Reputation: 313
I am dealing with a large quantity of data and I'm worried about the efficiency of my operations at-scale. After benchmarking, the average time to execute this string of code is about 0.004sec. The goal of this line of code is to find the difference between the two values in each array location. In a previous operation, 111.111 was loaded into the arrays in locations which contained invalid data. Due to some weird time domain issues, I needed to do this because I couldn't just remove the values and I needed some distinguishable placeholder. I could probably use 'nil' here instead. Anyways, back to the explanation. This line of code checks to ensure neither array has this 111.111 placeholder in the current location. If the values are valid then I perform the mathematical operation, otherwise I want to delete the values (or at least exclude them from the new array to which I'm writing). I accomplished this by place a 'nil' in that location and then compacting the array afterwards.
The time of 0.004sec for 4000 data points in each array isn't terrible but this line of code is executed 25M times. I'm hoping someone might be able to offer some insight into how I might optimize this line of code.
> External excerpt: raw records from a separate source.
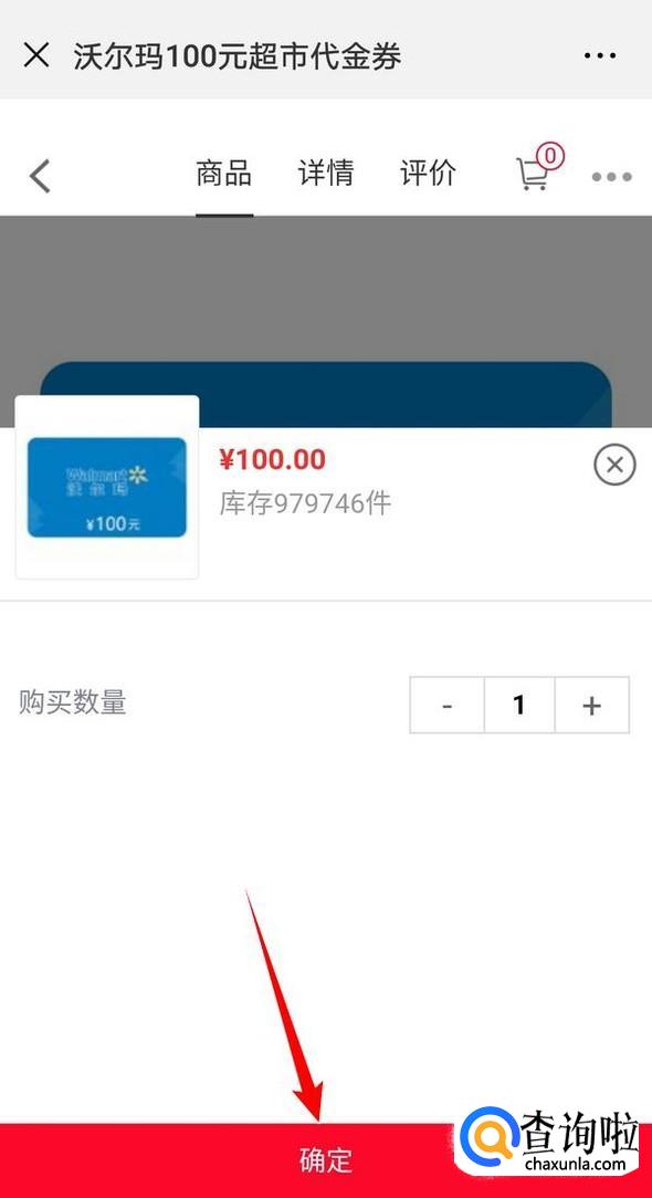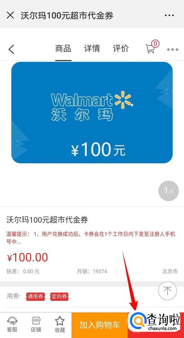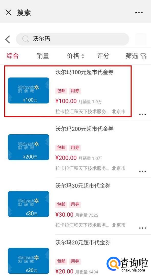 在搜索框中输入沃尔玛,搜索出沃尔玛的代金券,这里选择100元的代金券作为演示;
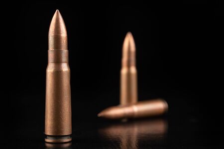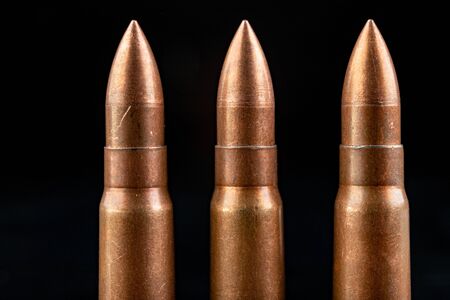 Bullet on black background. Rifle bullets close-up on black back. Cartridges for rifle and carbine on a black.
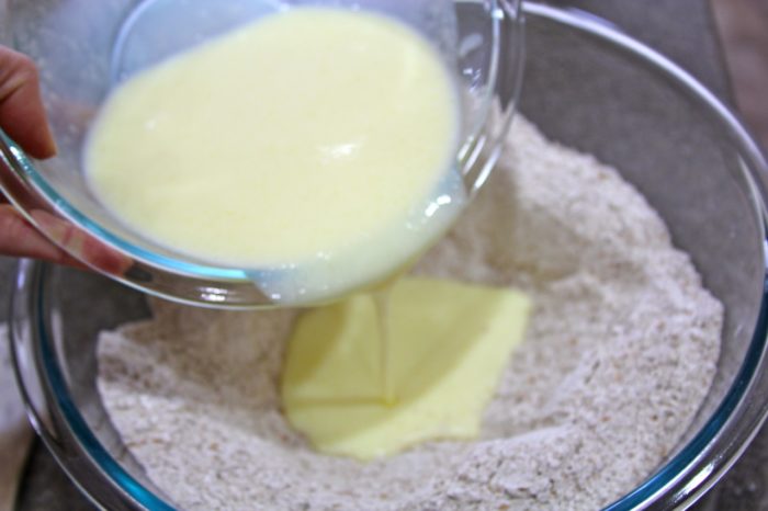 At first I thought I was making a giant biscuit. But, WOW! it’s so much better than that… it’s like a cross between a bread and a biscuit. : ) If you can’t find this fun flour by St. Patricks Day, it would work just fine with any red whole wheat flour as well.
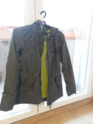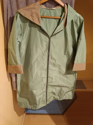 Chubasquero ligero con capucha. Realmente es una talla 13/14 de niña, pero es igual que una talla S de mujer. - Cierre de cremallera. - Dos bolsillos delanteros con botones. - Puños elásticos.
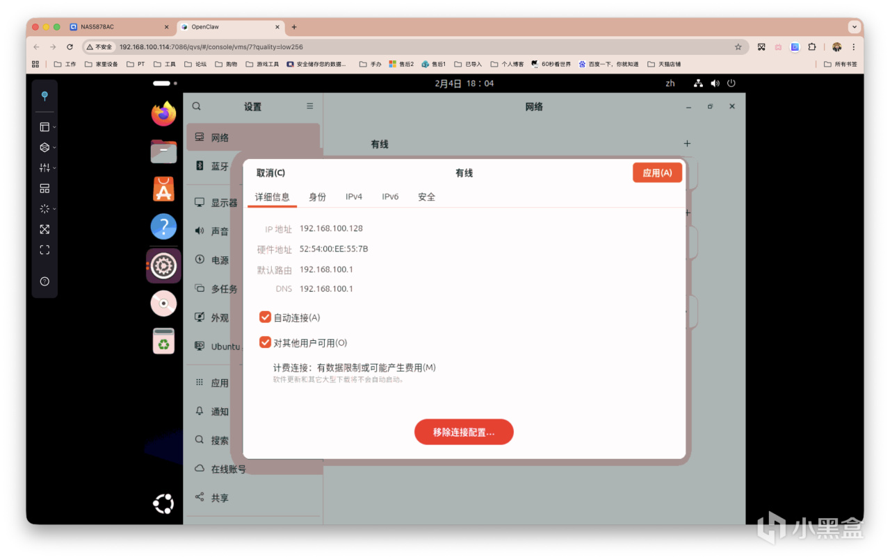 打開ubuntu的設置界面,左側欄第一個「網絡」,查看本機IP,我這臺爲192.168.100.128。
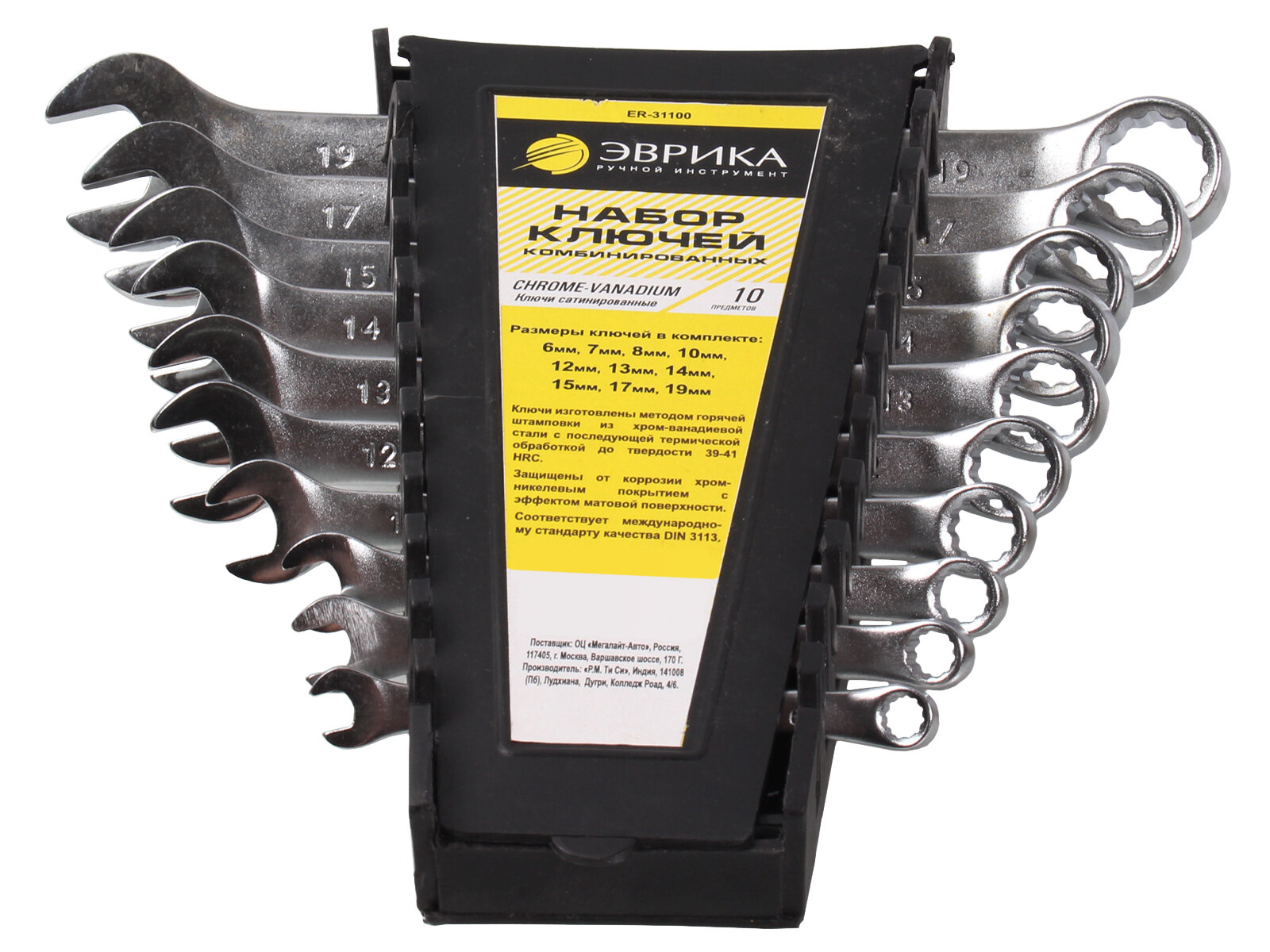 ER31100 эврика Набор ключей комбинированных 6-19мм 10 предметов в холдере сатинированные эврика информация:
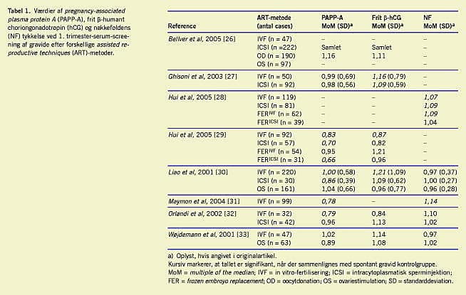 Data for 1. trimester-screening efter ART er sparsomme, og resultaterne er modstridende. Af Tabel 1 fremgår det, at man i flere undersøgelser har fundet en signifikant nedsat PAPP-A-koncentration ved ART-graviditeterne sammenlignet med hos spontant gravide kontrolpersoner [29-32] og en højere koncentration af frit β -hCG [27, 29, 30], hvorimod man i to studier ikke har fundet signifikante forskelle [26, 33]. Derudover er der i to af syv studier påvist en signifikant forskel i nakkefoldstykkelsen [28, 31], således at der er tykkere nakkefold hos fostre ved ART-graviditeter. I ART-graviditeterne ligger FPR på 4,6-10,3% sammenlignet med 3,3-7,1% i kontrolgrupperne [26-28, 30, 32].
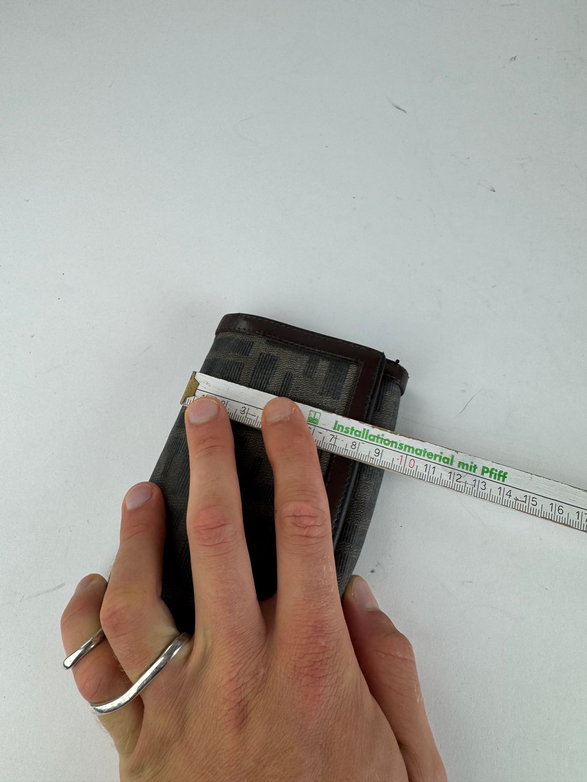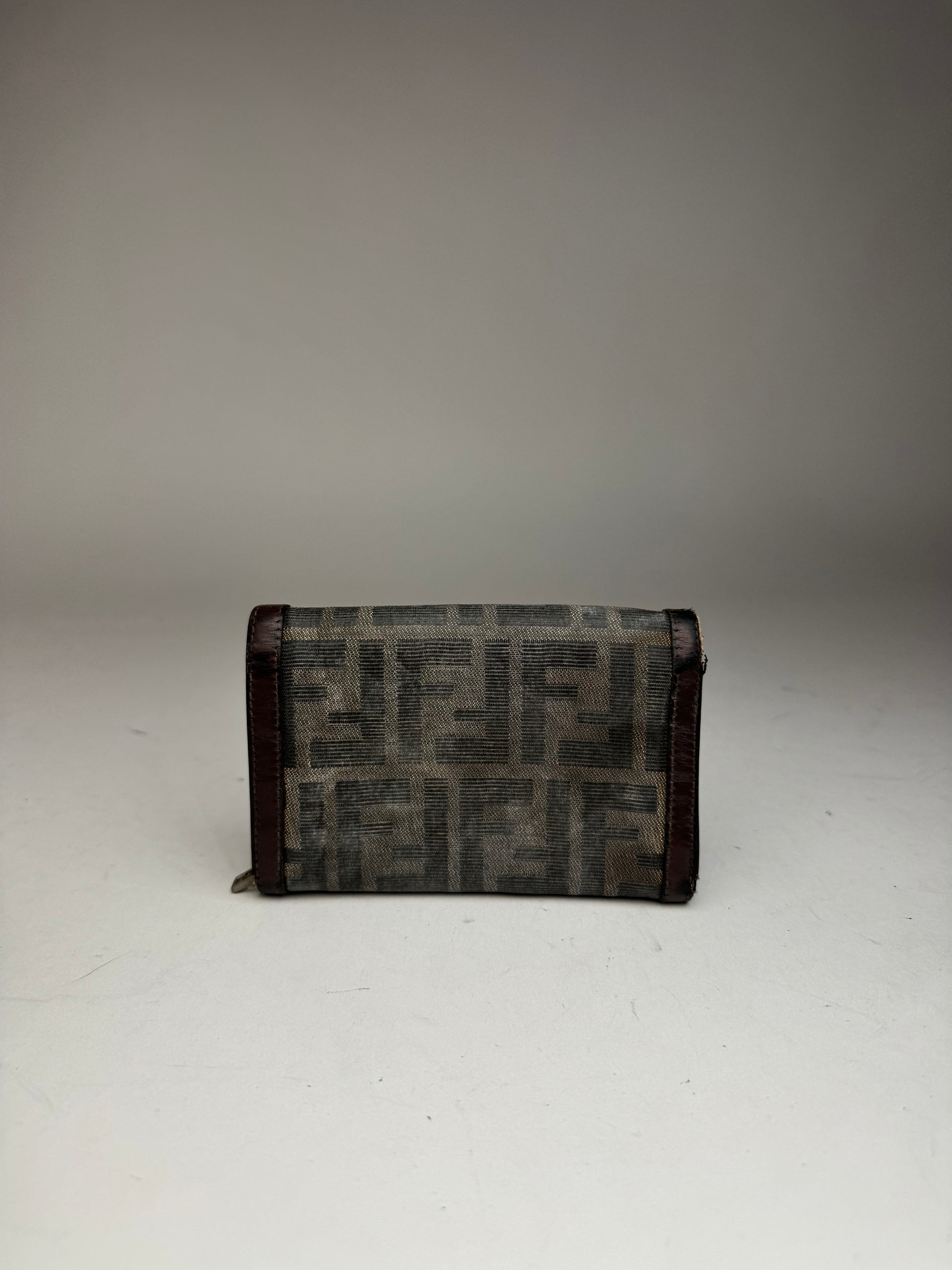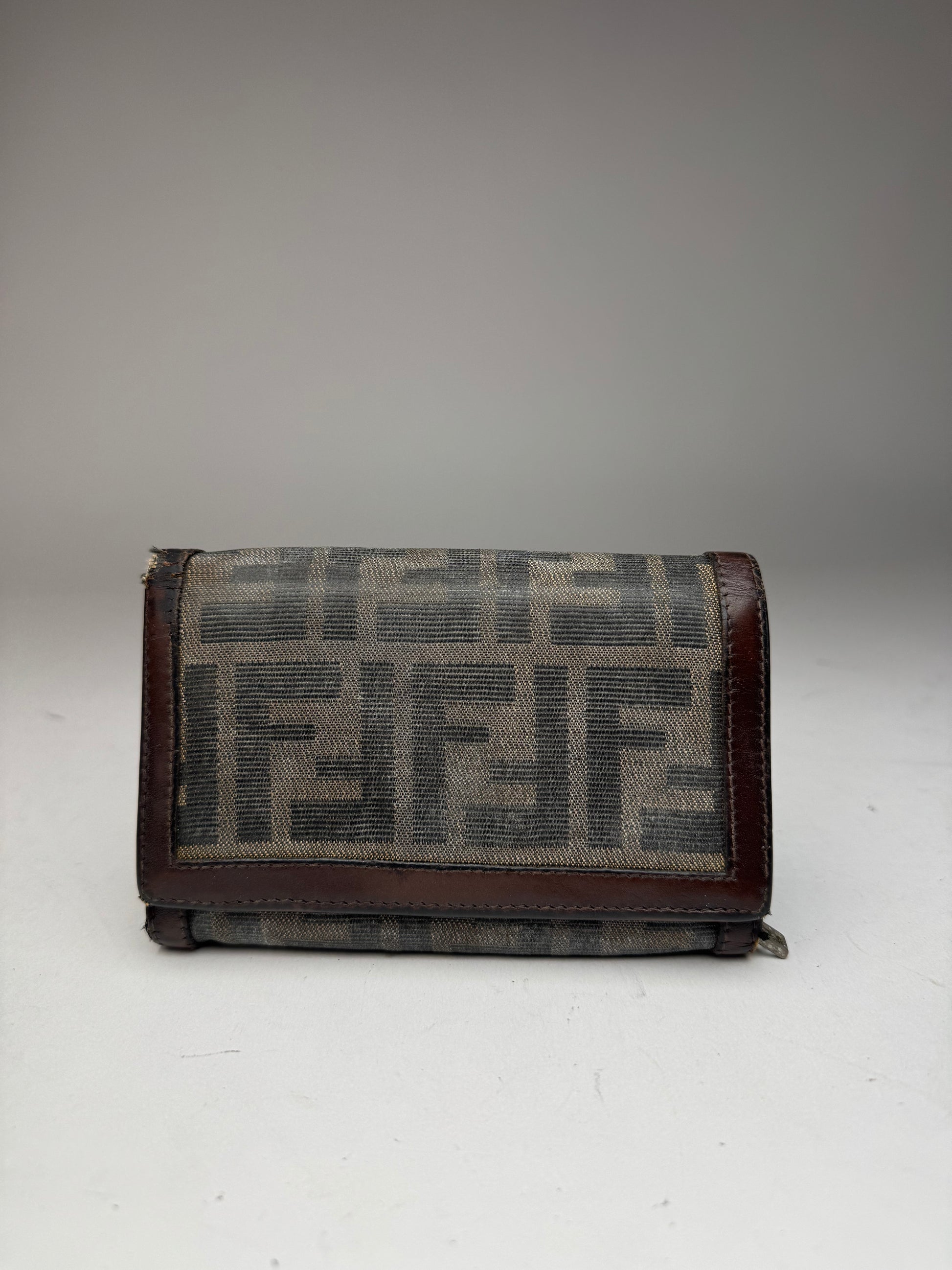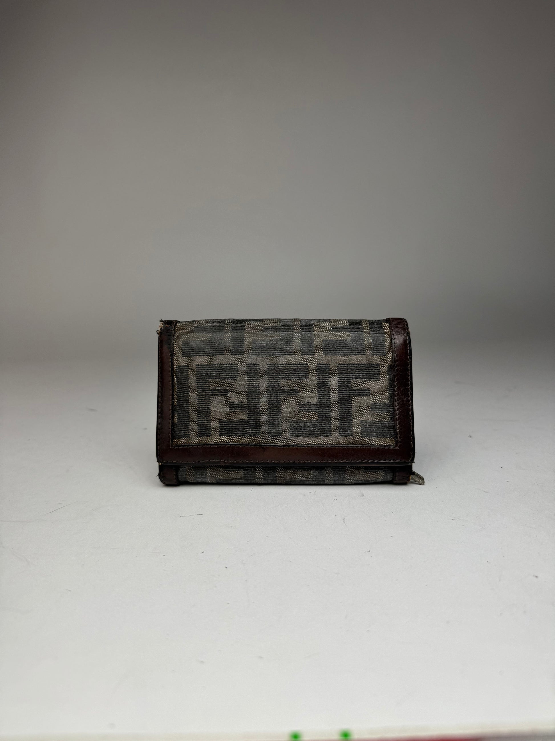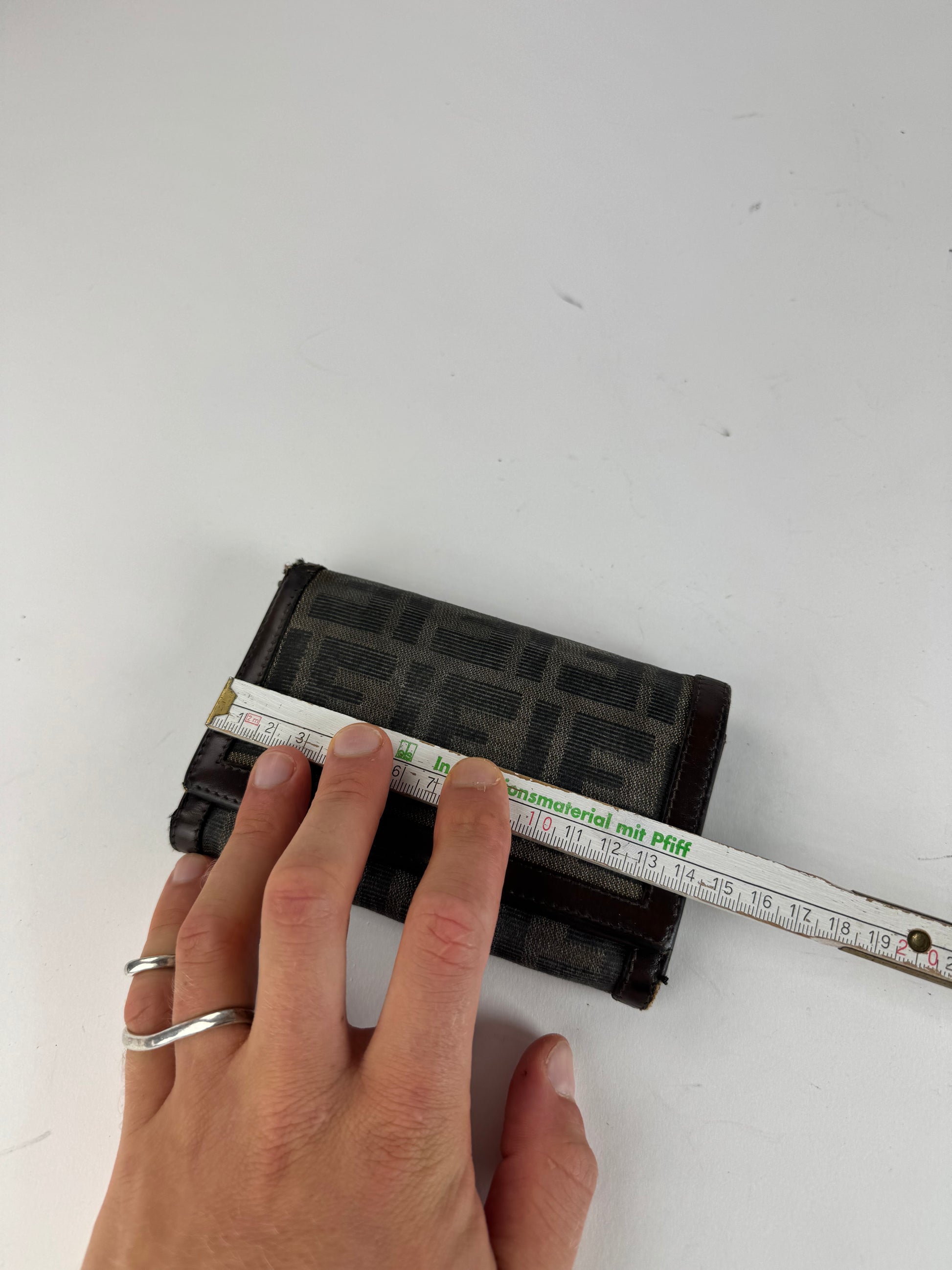 This stylish vintage wallet is finely crafted of dark brown canvas with khaki Fendi FF monogram and brown leather trim. Fendi, founded in Rome in 1925, is celebrated for its iconic FF logo, designed by Karl Lagerfeld in 1965, which has become a timeless emblem of Italian luxury. The wallet features a gold-tone snap button closure. The interior is lined with brown leather.
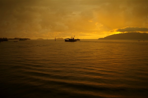Bugün günbatımı esnasında dünkü gibi yağmur da yağmadı, o yüzden ışık daha farklıydı düne göre. Sanki büyük bir kürenin içerisine girmişsiniz gibi bir his yaratıyor. Gökyüzünde zaten inanılmaz bir derinlik hissi var, uzayıp gidiyormuş gibi. Ekvatora yaklaştıkça öyle olurmuş. Gün batımı saatinde burası adeta hipnoz oluyor. Sanki hayata 1 saatliğine ara veriliyormuş gibi… Ben de esas olarak Kota Kinabalu’daki gün batımını merak ediyordum ama dün iyi ki yağmura denk gelmişim, çünkü o da gerçekten inanılmaz bir şeydi…. Yağmur, ışık kırılmasını çok daha farklı bir duruma sokmuştu…Mars gezegenine düşmüş gibi olduk… Her yer ama her yer, deniz, hava, dağlar, tekneler, gözün gördüğü ne varsa turuncuya boyanmıştı…
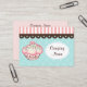 Una torta rosa sobre un fondo verde menta decora la parte delantera de esta carta de negocios de estilo retro. Utilice esta tarjeta de visita para una panadería, boutique, etc.................................................................................................................................................................................................................................................. Los diseños son de arte original.

temp_row = row_1.zip(row_2).map do |x, y|
x == 111.111 || y == 111.111 ? nil : (x - y).abs
end.compact
Upvotes: 1
Views: 102
Reputation: 160551
You are wasting CPU generating nil
in the ternary statement, then using compact
to remove them. Instead, use reject
or select
to find elements not containing 111.111
then map
or something similar.
Instead of:
row_1 = [1, 111.111, 2]
row_2 = [2, 111.111, 4]
temp_row = row_1.zip(row_2).map do |x, y|
x == 111.111 || y == 111.111 ? nil : (x - y).abs
end.compact
temp_row # => [1, 2]
I'd start with:
temp_row = row_1.zip(row_2)
.reject{ |x,y| x == 111.111 || y == 111.111 }
.map{ |x,y| (x - y).abs }
temp_row # => [1, 2]
Or:
temp_row = row_1.zip(row_2)
.each_with_object([]) { |(x,y), ary|
ary << (x - y).abs unless (x == 111.111 || y == 111.111)
}
temp_row # => [1, 2]
Benchmarking different size arrays shows good things to know:
require 'benchmark'
DECIMAL_SHIFT = 100
DATA_ARRAY = (1 .. 1000).to_a
ROW_1 = (DATA_ARRAY + [111.111]).shuffle
ROW_2 = (DATA_ARRAY.map{ |i| i * 2 } + [111.111]).shuffle
Benchmark.bm(16) do |b|
b.report('ternary:') do
DECIMAL_SHIFT.times do
ROW_1.zip(ROW_2).map do |x, y|
x == 111.111 || y == 111.111 ? nil : (x - y).abs
end.compact
end
end
b.report('reject:') do
DECIMAL_SHIFT.times do
ROW_1.zip(ROW_2).reject{ |x,y| x == 111.111 || y == 111.111 }.map{ |x,y| (x - y).abs }
end
end
b.report('each_with_index:') do
DECIMAL_SHIFT.times do
ROW_1.zip(ROW_2)
.each_with_object([]) { |(x,y), ary|
ary += [(x - y).abs] unless (x == 111.111 || y == 111.111)
}
end
end
end
# >> user system total real
# >> ternary: 0.240000 0.000000 0.240000 ( 0.244476)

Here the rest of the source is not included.